-- Opening Marker --

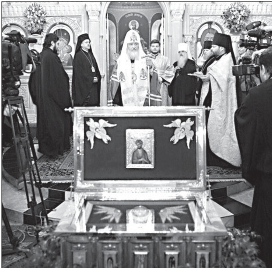
В ходе однодневного визита в Баку, Святейший Патриарх Московский и всея Руси Кирилл провел встречу с Президентом Азербайджанской Республики И. Алиевым, совершил молебен в кафедральном соборе святых Жен-мироносиц, принял участие в торжествах по случаю 60-летия со дня рождения и 30-летия пребывания в сане шейх-уль-ислама председателя ДУМ Кавказа Аллашукюра Паша-заде и встретился с Католикосом-Патриархом всея Грузии Илией II. В завершение визита Предстоятель Русской Церкви посетил торжественный прием во дворце «Бута-Палас» Фото: Молебен перед ковчегом с частицей мощей святого апостола Варфоломея – небесного покровителя города Баку.

Конечно, сам жанр кино предполагает определенный гротеск. Кино не является целиком реалистическим отражением жизни. Нужно быть очень зорким духовно
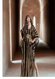
شكل رقم 3.6.2
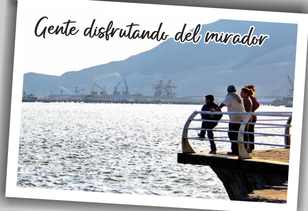
Gente disfrutando del mirador
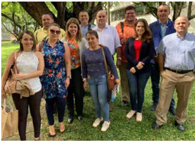
Equipo del proyecto en Universidad Pontificia Bolivariana, Medellín Colombia, mayo 2019
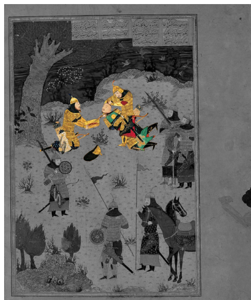
تصویر ۵- نگاره کشته شدن سیاوش، شاهنامه بایسنغری، ۸۳۳ ه.ق، مکتب هرات. (با تمرکز بر پیکره‌ها)
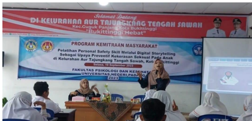
Gambar 4. Psikoedukasi personal safety skill melalui digital storytelling

Sejalan dengan penjelasan Janah (2023) bahwa pendidikan seksual pada anak tidak hanya mencakup konteks perbedaan gender dan perkembangan alat reproduksi namun juga meliputi pengembangan kepercayaan diri serta meningkatkan kompetensi anak dalam menentukan tindakan yang sesuai saat menghadapi sebuah situasi sehingga terhindar dari kejahatan seksual. Riset yang dilakukan oleh Juarni dkk (2020) menunjukkan bahwa semakin tinggi pemahaman anak mengenai proteksi diri terhadap kekerasan seksual dapat meningkatkan keterampilannya dalam melindungi diri. Setelah penyampaian materi selesai, maka dilakukan review materi melalui metode menyanyi untuk meningkatkan keterlibatan dan pemahaman anak. Febriagivary (2021) memaparkan bahwa metode bernyanyi merupakan salah satu alternatif yang dapat digunakan dalam memberikan edukasi pada anak.
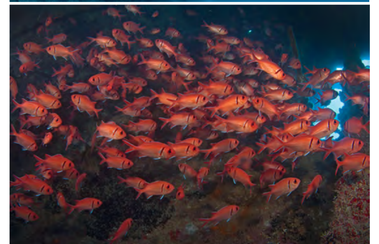
Van boven naar beneden: Achtergebleven netten blijven vissen vangen. Duikers van Ghost Fishing ruimen op. Vangstmethoden werden steeds geavanceerder en zo raakte de balans verstoord.
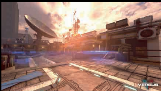
モダンコンバット Versus

-- Closing Marker --

_How to complete this task_. The whole listing above, line by line, needs to be copied exactly, except for any images.

_Task solution_.
В ходе однодневного визита в Баку, Святейший Патриарх Московский и всея Руси Кирилл провел встречу с Президентом Азербайджанской Республики И. Алиевым, совершил молебен в кафедральном соборе святых Жен-мироносиц, принял участие в торжествах по случаю 60-летия со дня рождения и 30-летия пребывания в сане шейх-уль-ислама председателя ДУМ Кавказа Аллашукюра Паша-заде и встретился с Католикосом-Патриархом всея Грузии Илией II. В завершение визита Предстоятель Русской Церкви посетил торжественный прием во дворце «Бута-Палас» Фото: Молебен перед ковчегом с частицей мощей святого апостола Варфоломея – небесного покровителя города Баку.

Конечно, сам жанр кино предполагает определенный гротеск. Кино не является целиком реалистическим отражением жизни. Нужно быть очень зорким духовно
شكل رقم 3.6.2
Gente disfrutando del mirador
Equipo del proyecto en Universidad Pontificia Bolivariana, Medellín Colombia, mayo 2019
تصویر ۵- نگاره کشته شدن سیاوش، شاهنامه بایسنغری، ۸۳۳ ه.ق، مکتب هرات. (با تمرکز بر پیکره‌ها)
Gambar 4. Psikoedukasi personal safety skill melalui digital storytelling

Sejalan dengan penjelasan Janah (2023) bahwa pendidikan seksual pada anak tidak hanya mencakup konteks perbedaan gender dan perkembangan alat reproduksi namun juga meliputi pengembangan kepercayaan diri serta meningkatkan kompetensi anak dalam menentukan tindakan yang sesuai saat menghadapi sebuah situasi sehingga terhindar dari kejahatan seksual. Riset yang dilakukan oleh Juarni dkk (2020) menunjukkan bahwa semakin tinggi pemahaman anak mengenai proteksi diri terhadap kekerasan seksual dapat meningkatkan keterampilannya dalam melindungi diri. Setelah penyampaian materi selesai, maka dilakukan review materi melalui metode menyanyi untuk meningkatkan keterlibatan dan pemahaman anak. Febriagivary (2021) memaparkan bahwa metode bernyanyi merupakan salah satu alternatif yang dapat digunakan dalam memberikan edukasi pada anak.
Van boven naar beneden: Achtergebleven netten blijven vissen vangen. Duikers van Ghost Fishing ruimen op. Vangstmethoden werden steeds geavanceerder en zo raakte de balans verstoord.
モダンコンバット Versus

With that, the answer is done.